Desafortunadamente, Aleah fingió no ver.
Al final, era el territorio de otra persona, y ella no podía permitirse ofender a Fanny.
Si ofendía a alguien, es posible que no pudiera pedir prestado otro conjunto de vestidos para el evento en el futuro.
¡No podía comprarlo cada vez!
Además, si podía pedirlo prestado sin gastar un solo centavo, ¿por qué lo compraría?
No había necesidad de hacer esto por Kendra.
—¿Qué te parece esto, Srta.
Riley?
No soy una persona mezquina.
No quiero ser tan despiadada.
Te disculpas conmigo y lo olvidaré.
¿Qué tal?
Justo cuando Harold le pidió a alguien que invitara a Kendra a irse, Cierra dijo de repente.
—¿Quieres que me disculpe contigo?
¡De ninguna manera!
Kendra se volvió inflexible y apartó a los dos guardias de seguridad.
—Me iré yo misma.
¡No tienen que sacarme!
Tras lanzar esta frase, apartó con enojo a la multitud y se fue.
En cuanto al resto de los chismosos, cuando Harold los miró, se inclinaron repetidamente y se disculparon.
—¡Lo siento, nunca volveremos a chismear sobre la Srta.
Boyle!
Sus antecedentes familiares no eran tan buenos como los de Kendra.
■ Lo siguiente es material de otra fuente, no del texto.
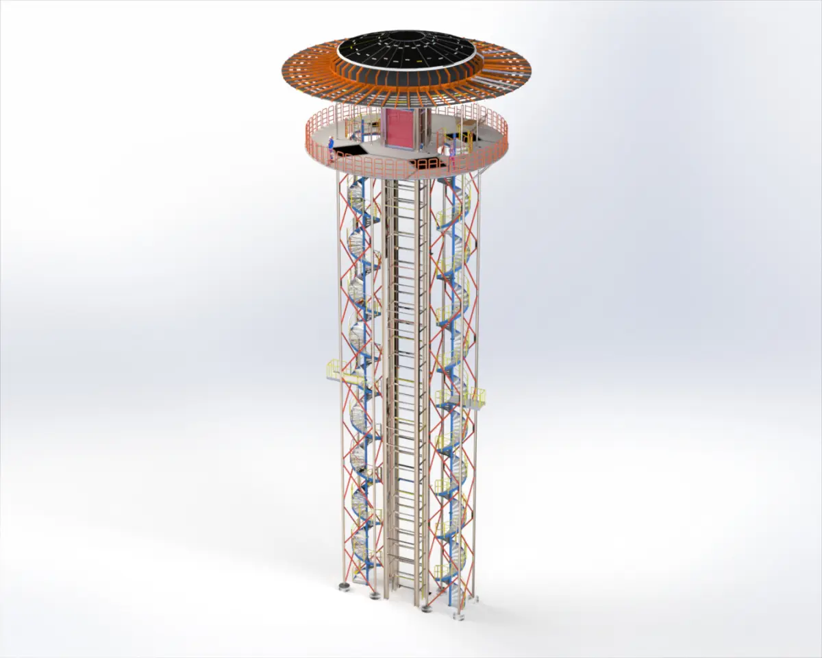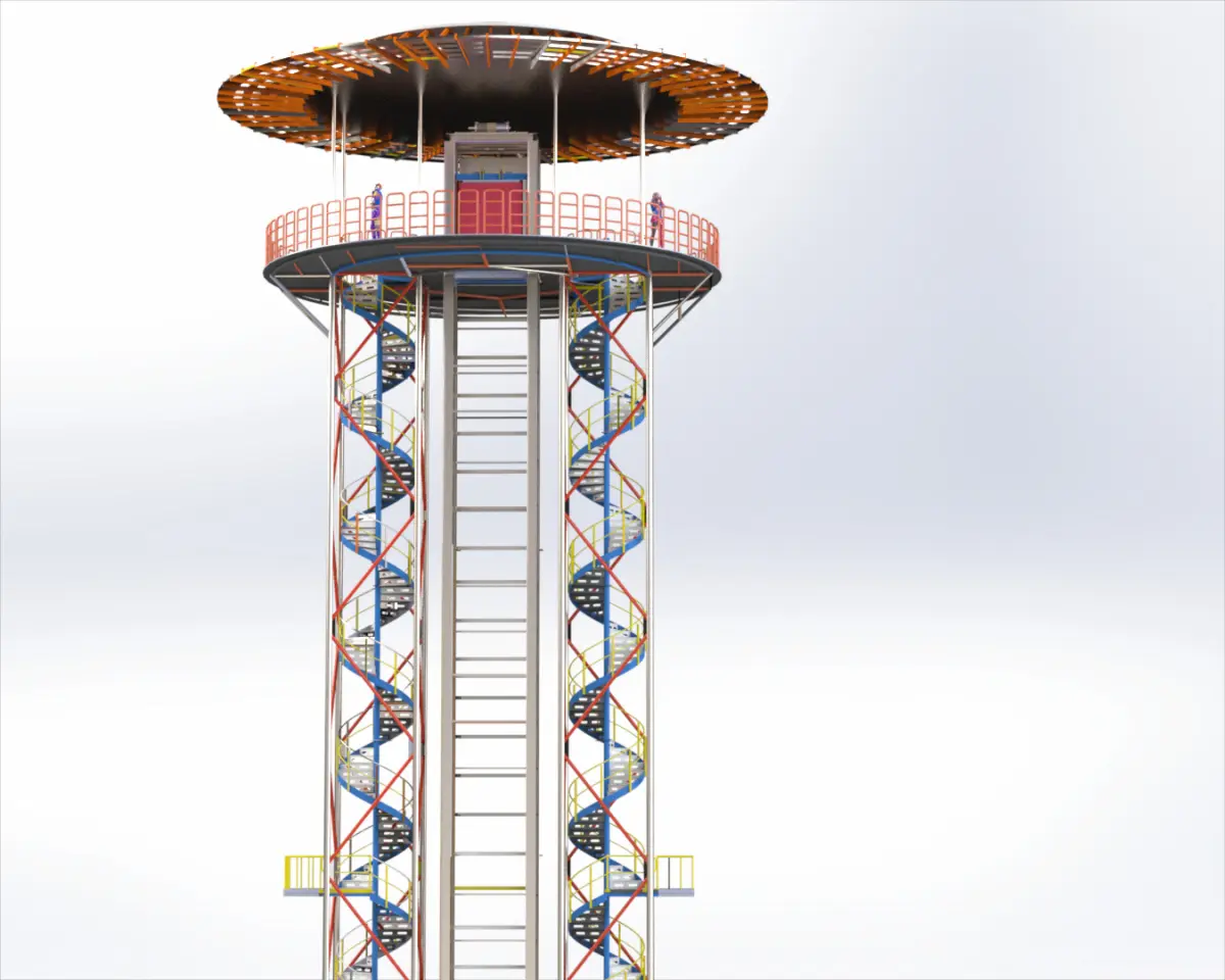 High-quality 3D model of an industrial observation tower, designed in SolidWorks 2023 with real-scale proportions. This structure features a central elevator and two symmetrical spiral access stairs leading to an elevated viewing platform with perimeter guardrails and a decorative canopy.

Una de las razones importantes por las que vinieron a la cena esta noche fue encontrar un marido para casarse.
Si fueran expulsadas y perdieran la cara, podrían implicar el negocio familiar.
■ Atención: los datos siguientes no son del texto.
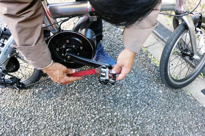輪行バッグに入れる時には、バッテリーとペダルは外しておいたほうがいい。ペダルの着脱には工具が必要だが、工具なしで着脱できる「wellgo クイックリリース脱着ペダル」(4,000円/税別)もオプションで用意されている

Podrían ser regañadas cuando regresaran a casa.
—Acepto su disculpa, pero espero que esto no vuelva a suceder, ya sea sobre mí o sobre otra persona.
No conocen la verdad.
Solo escucharon algunas palabras y arrojaron agua sucia sobre otros.
Todas ustedes son chicas.
¿Y si fueran ustedes de quienes se chismorreara?
Cuando terminó de hablar, las chicas se miraron entre sí y guardaron silencio.
Cierra no continuó dificultándoles las cosas.
Después de todo, cuando un grupo de personas se reúne, la mayoría de ellas solo se hace eco.
Quizás no tenían la intención de desacreditar a otros.
Estaban equivocadas, pero el mayor problema era la persona que guiaba el tema.
Así que la botella de vino no las mojó demasiado.
Solo cayó un poco.
Podían limpiarlo.
La ropa no estaba mojada.
Agarró a Harold y estaba a punto de irse.
En ese momento, un sincero y solemne sonido de “lo siento” ocurrió detrás.
Cierra se quedó atónita por un momento, luego sonrió.
—Está bien, lo acepto.
Este asunto será una lección para ustedes.
Olvidemos esto y disfrutemos del banquete.
Por supuesto, me disculpo por mi comportamiento grosero.
También se inclinó ante las chicas antes de darse la vuelta.
Después de dejar a la multitud, finalmente tuvo tiempo de hablar con Harold.
—Harold, ¿por qué estás libre para salir esta vez?
Con una sonrisa en sus ojos, Harold levantó la mano para acariciar su cabello.
—Pensé que me llamarías David.
¿Me reconociste esta vez?
Cierra sabía que mencionaría este asunto, y sonrió impotente.
Cuando regresó por primera vez a la familia Barton, no podía distinguir a los dos hombres.
Siempre los confundía e hizo muchas bromas.
Aprovechó la oportunidad para agarrar el brazo de Harold y dijo con ternura:
—Solo cuando David me engañaba, te confundía.
¡Esta vez acerté!
Caminaron hacia bastidores lado a lado.